Python可视化 | Python可视化进阶必备 - plotly

1. Introduction

Plotly is a very famous and powerful open source data visualization framework. It builds an interactive web form based on browser display. Use charts to display information and create dozens of beautiful charts and maps.

2. Drawing grammar rules

2.1 Offline drawing method

There are two ways to draw images in Plotly, online and offline. Drawing requires registering an account to obtain an API key, which is more troublesome, so this article only introduces the offline drawing method.
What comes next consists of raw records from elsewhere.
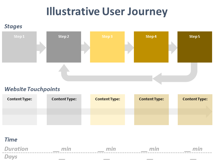 Sometimes when trying to process complex problems, it’s easier to break it down into smaller pieces. Illustrative user journeys can help with this problem! Take a single user’s journey and map it out, aligning relevant content experiences.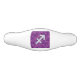 A mother of pearl Sagittarius zodiac symbol on a vibrant fuchsia pink digital camouflage design print background. A modern urban racy design for a great custom birthday gift idea.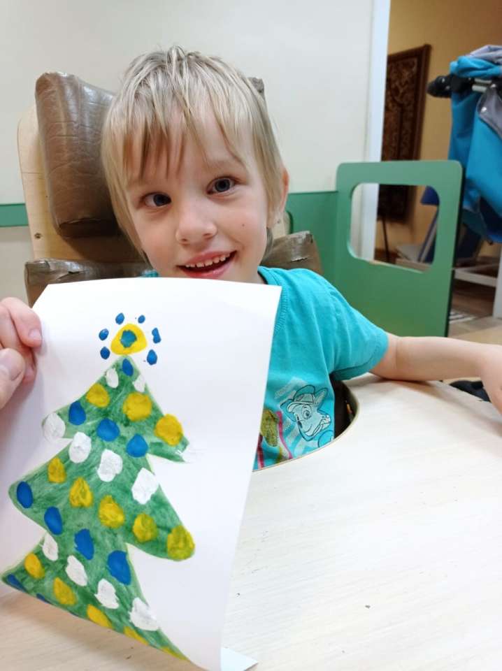 Воспитатель Ватулина С.В. в своей группе манеж провела занятие "Мы нарядим ёлочку" рисование красками.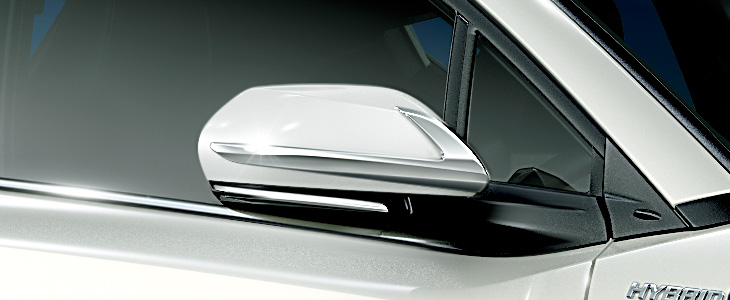 ドアミラーカバーにクリアランスランプ 連動の LED イルミネーションを内蔵。 シャープなアウトラインで構築された デザインが、スタイリッシュで先進的な エクステリアを演出する。 【設定】全車 ※除く、クールシャインキット、 ミラーガーニッシュ装着車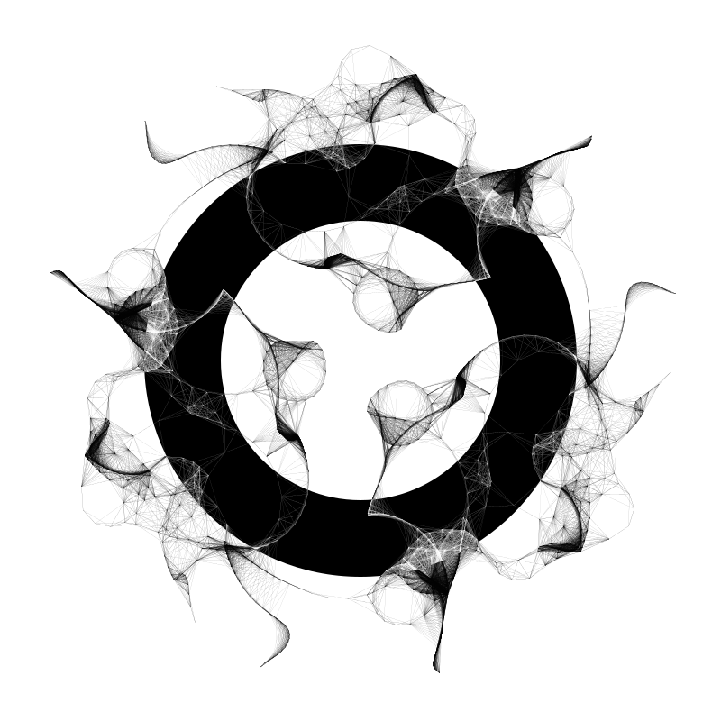 These began with the same technique I used in the Symmetry Web series, but I let the points wander, rather than be completely random. This creates amazing organic forms. Each one also features a ring where the colors are inverted. I look forward to sharing more of these soon.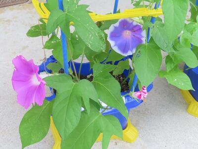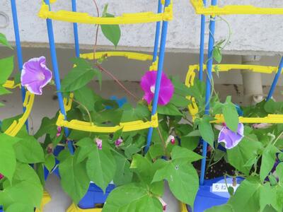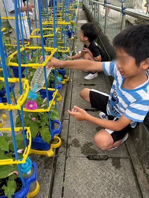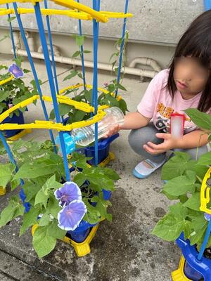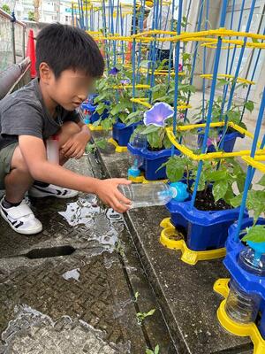 そのアサガオの花が咲きはじめています。 1年生も水かけを頑張っています。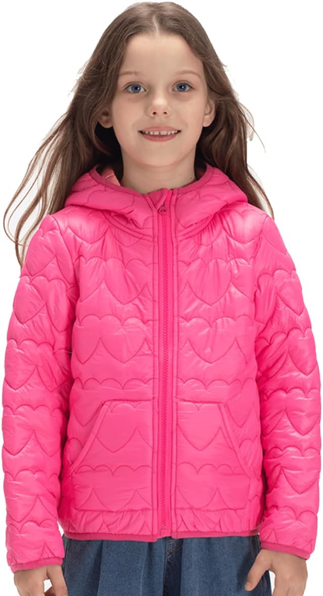 Lightweight Heart Quilted Cotton Puffer Jacket for Girls & Kids Zip Up Hooded Coat with Kangaroo Pocket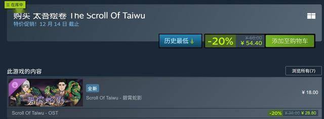《太吾绘卷》当前正在Steam上史低促销中,8折售价54.4元,特价促销截止到12月14日。

There are two methods for offline drawing: plotly.offline.plot() and plotly.offline.iplot(). The former generates image files in html format in the current working directory in an offline way. and automatically open;

The latter is a special method in jupyter notebook, which embeds the generated graphics into the ipynb file. This article adopts the latter method (note that plotly is used in jupyter notebook .offline.iplot(), you need to run plotly.offline.init_notebook_mode() before to complete the initialization of the drawing code, otherwise an error will be reported).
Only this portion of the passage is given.